If you can't get the effect, hold your index finger half way between your eyes and the image so both halves are still visible. While staring at your fingertip, slowly bring it closer and farther from the screen. At some point, the images should merge into a single 3D image.

A Thomas Houseworth stereo of Yosemite.

A pair of images designed for parallel viewing (also called relaxed viewing or free viewing) is also arranged side-by-side. However, the image for the left eye is on the left, and the one for the right eye is on the right. To view the images, place your face close to the images and then slowly back away while staring "through" the images to an imaginary point behind them. When there appear to be three images, concentrate on the middle one until it becomes 3D. If you first see four images, concentrate harder on the imaginary point behind the images until they become three images. It may help if you rotate your head slightly to the right or left while keeping it level.

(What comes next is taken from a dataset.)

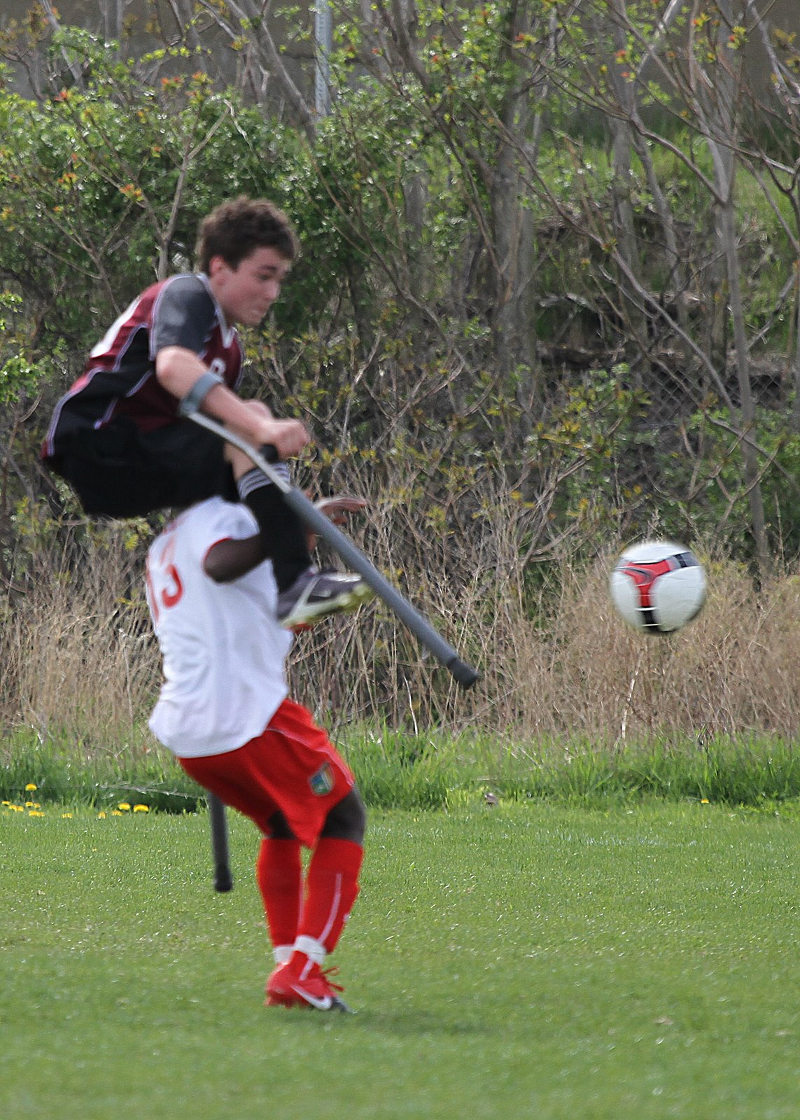 I may have to add bronco riding to the list of Nicolai’s activities I published yesterday for I don’t believe jumping onto your opponent’s shoulder is a sanctioned part of playing soccer. I wish I could have nailed the focus but am glad to have the shot. Nicolai is now playing with the Concord Carlisle Division 1 Travel team and he remains very competitive on the field.

  • Anaglyph images. Du Hauron, a French scientist patented the anaglyph method of stereoscopic photography in 1891. Anaglyphs use a pair of colored images, usually red and blue, superimposed over each other with one image offset slightly from the other. When viewed through a pair of glasses with different colored lenses, usually red and blue, the image appears in 3D. These are sometimes called "pure anaglyphs". Some full color images can be used for anaglyphs but most won't work very well. There are many software programs available that create anaglyphs and the glasses are available on line.
  • Shutter glasses have high-speed electronic shutters that open and close in sync with the images on the monitor. When the left image is on the screen the left shutter is open and the right shutter is closed which allows the image to be viewed by your left eye only. When the right image is on the screen the right shutter is open and the left shutter is closed. Since this process happens fast enough, your brain thinks it is seeing a true stereoscopic image. If this shuttering speed is not fast enough, you can still see a stereoscopic image, but you may also see some flickering.
  • Animated GIFs. You can give an illusion of stereo on the Web by putting the left and right stereo images in an animated GIF. The effect is almost the same as you get with shutter glasses, but since both of your eyes are open, the animation seems to wiggle. You can also use the Flash format for the same effect and it does give you better control of the frame rate and compression.
  • Autostereo Images. The problem with most 3D viewing systems is that they require some form of eyewear. However, there are systems that dispense with these by using various techniques to guide the right and left images into the correct eye. These autostereoscopic displays are expensive and display the images in a format that is squashed side-by-side. One big problem with these systems is that you can only view the images from a specific angle. The 3D image isn't seen if you are not positioned correctly. Also, since the two images are interlaced on the screen at the same time, the resolution is only half of what it is with other methods.
  • Pulfrich Images. Strange as it may sound, if video is shot with the camera moving to the left or right, or if an object is spinning, it can be viewed in 3D. To do so, you cover one eye with a dark filter and leave the other eye uncovered. Known as the Pulfrich effect, this technique was used for an episode of the TV show "3rd Rock from the Sun" in May of 1997. With enough research you may be able to locate a copy of this episode (it's the last show in the second season). You view the Pulfrich sections with one lens of a pair of dark sunglasses held over your right eye.
  • Polarized Images. A final way to view stereo pairs is to display them on the screen one after the other with different polarizations. The first image is displayed with vertical polarization and the second with horizontal. When wearing a pair of glasses with matching polarizations, each eye only sees the image that matches its polarization.